I’ve written on a bit about the Omni Faceting Machine head design in my GemologyOnline post.
One thing that I noted was the Omni Facet Head has the index pin on the bottom of the head. At the time I wrote the article I noted that I didn’t like it because you have to life the head up to see what index you’re on. Since then I’ve realized that there are other drawbacks to having this located on the bottom of the faceting head.
Have a look at this photo. You can see that I have a stone that I wanted to preform on the dop, and the head is set to 59.5 degrees. The lap on the machine is an old Crystalite 600 plated lap, about 1/2″ thick. I’ve lowered the Omni Facet Head so the stone is almost touching the lap.
Now look at the close-up photo. Notice that the metal parts that house the Cheater and Index Pin are bulky and now contact the edge of the Splash Pan. This severely limits the movement of the stone across the lap.
Here are two photos showing a top view. Notice that you only have about 1″ of travel across the lap before the stone either hits the lap screw or the Facet Head hits the edge of the Splash Pan.
What this means is if you are cutting a stone at an angle higher than about 50 degrees, you will have to cut the stone through the girdle cut-out in the Splash Pan. This means you will need to change the orientation of the Swing Arm (and consequently the stone’s orientation to the Platen and lap).
This is bad – in order to maintain the same alignment of the stone to the lap, you should be cutting swinging the stone from the 6 o’clock position to the center of the lap as much as possible. By forcing you to cut in the girdle-grinding position, you have much less travel (due to the limited size of the Splash Pan cut-out) and you are also not cutting on the optimum areas of the lap. It’s also one of the reasons I’ve been frustrated trying to cut rectangular and step-cut stones – moving the Swing Arm position changes the orientation of the stone to your lap.
A final gripe is that if you’re cutting a facet with the Facet Head low and then swing the Quill up to look at the stone, you run into the problem of knocking the Fine Adjustment Arm against the Splash Pan. Irritating and it will change the angle that the Facet Head is set to.
BTW – the stone in the pic is a nice big piece of Afghan Aquamarine 17x9x10 mm, Internally Flawless. I can’t remember how many carats. It’s a beautifully-formed crystal with sharp edges and termination at one end. Pale, as all Afghan Aquamarine tends to be, but very very bright once cut. I’ll post a pic once I’m done.

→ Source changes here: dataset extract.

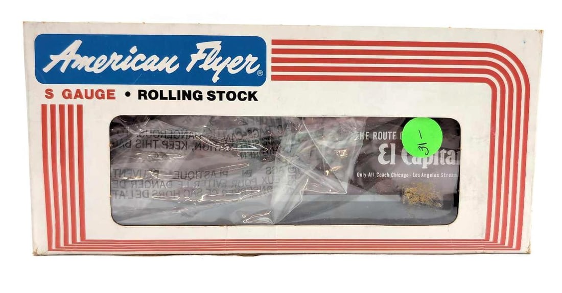 SoldModern American Flyer S Gauge 9700 Santa Fe box car in boxModern Era American Flyer S Gauge 9700 Santa Fe box car in original box, C8 very light run time. Box has price/inventory sticker, very square and very solid.See Sold Price

While I agree that the fine adjustment arm/hard stop arm running into the splash bowl is irritating, it can also be downright devastating. If the swing arm strikes the splash bowl when you lift the quill quickly, chances are, this will knock the stone out of your grasp–especially if your hands are oily from polishing with diamond. This is an unfortunate consequence of the design. I have had this exact thing happen when polishing a small spinel trillion. When I lifted the quill to inspect the stone, the arm struck the splash bowl and caused the quill to be forcefully knocked from my grasp and down onto the rotating lap. The stone was ejected from the dop and my Batt lap was gouged badly enough to require resurfacing. Although not expressly a “faulty” machine issue, care needs to be taken to swing the quill out of the bowl before lifting the quill.
After a year layoff I’ve started back cutting. My Omni is five years old and in the four years I used it I didn’t have any alignment problems. Now, I’m seeing a noticeable high left cut – very noticeable on rectangles. I can cheat it into square but that causes havoc with subsequent cuts and polishing. I thought about contacting Jersey Instruments (Charlie, I believe) and arrange to send the head back for a tuneup. Any relevant thoughts or opinions will be appreciated.
Hi Richard – I can’t say that I’m the most objective person to ask about this as my experience with Charlie has been poor. When I sent my machine back for adjustment it came back in worse alignment than when I sent it, and I was charged $235 plus shipping for the privilege. It’s the reason I started taking apart my machine and documenting the process – initially so I would remember what I did, but also to assist some other owners who’d been in contact with me about similar problems.
I’d call Charlie and talk to him about it. If the Omni is still under warranty, I’d send it back and see what happens. If not, I’d suggest taking a look as the alignment instruction pages “Alignment Steps” at the top of the page to see if any of these may provide some insight. I’m not sure how comfortable you are with taking machinery apart, but if you’re not comfortable find a friend who is, or send it to Charlie as then you’ll have some recourse if things don’t work the first time.
Good luck, and le us know how you make out.